Wondering, how to deal with diamonds, or circles which are not quite ellipses.
But even as we cast off our old tenants of C, with each instruction reducing to simple asm,
we embraced, that some things should look simple (even if, under, they are complex).

And so, we looked at the secret VTables that arose and thought "good enough".
For while we had introduced hidden data, we had reduced complexity.
And now, any call made through a Virtual was redirected through a VTable.
And as all subobjects of a class could be pointed to through a single pointer, this was enough.

But even though the dispatch method had changed, we could still point to all things, with holy void*.

But then was made, what many in the present time, consider a grave mistake: Multiple Inheritance.
And no longer would one pointer suffice! For how can both Base fathers be at the start?
And no longer, then, would a VTable suffice, for how would we know which subobject to point to!
And now, the problem of diamonds arises even worse than before, with no obvious solution, and our prior ones requiring current code to deal with future prospects!

And so, pointer adjustments must be made, with each Virtual call.
Because a Base class may really be a MI Derived class in disguise, and needs to be adjusted.
So for the support of the Choice Few who used MI, we all paid a price.

And suddenly, the holy void* could no longer store what had hither-forth been simple sugar.
And what arose to deal with this complexity, was the dreaded member function pointer.

The beast required it's own syntax, for none others would suffice.
And this syntax, as rarely used, would be so low in precedence as to require parans with every use.
Though in the holy Standard, what wicked council decided to allow such wretched things to be Cast,
but when Cast from type to type, not Called without invoking behavior most undefined!

And nay, decadent with syntax and greedy, they were Fat and could not fit into void*.
As the only way to know what object to point to, was with an adjustment,
nestled deep in the pointer, and checked with each VTable lookup.

But this, brothers, is not how it must be.
This complexity of implementation comes from a most peculiar of decisions.

class Base1
{
public:
    virtual void foo();
};

class Base2
{
public:
    virtual void bar();
};

class Derived: public Base1, public Base2
{
public:
    void unrelated();
}

As is seen here, Derived* must be adjusted when calling foo() or bar(); it cannot point to Base1 and Base2 at the same time, as in the case of simple single inheritance.
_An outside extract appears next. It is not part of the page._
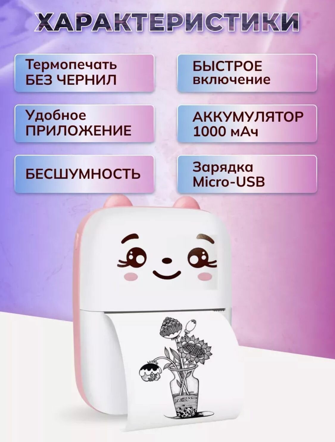 Мини принтер портативный для фотографий, этикеток, чеков, наклеек

It is, indeed, impossible to properly predict how much of an offset is needed, when called from a base class, which is why most have some sort of mechanism for adding it into the vtable.

However:

class Derived: public Base1, public Base2
{
public:
    void unrelated();

    virtual void foo() { Base1::foo(); }
    virtual void bar() { Base2::bar(); }
}

Solves the problem, with nary a change to the original object model!
As each method now exists, it can be added properly to the vtable, and when called, knows exactly how much to adjust the pointer, allowing the call to proceed without any mucking about!
And now, both casting a member function pointer as well as calling it when cast, are well defined!

And most importantly of all, anything that can be pointed to, can be pointed to by a holy void*.
All a member function pointer need be is a normal function pointer that takes a special first parameter.
And lo, things would have been pretty good.

If only we lived in such a dream world.

Unfortunately for us, we live with fat member function pointers, vtables that have to adjust each and every call, and member function pointers that cannot appropriately create delegates or many other useful patterns. In MSVC, they change size when you cast them!

The problem is so great that std::function can allocate memory dynamically in most implementations, because of the various problems outlined here. The use of thunks for unoverriden methods, as I have detailed, would solve this problem quite handily, and the cost of this is a few inlinable hidden methods, and some vtable changes, along with a possible (but tiny) decrease in the speed of a virtual dispatch, in the case the function isn't overriden and also can't be inlined perfectly.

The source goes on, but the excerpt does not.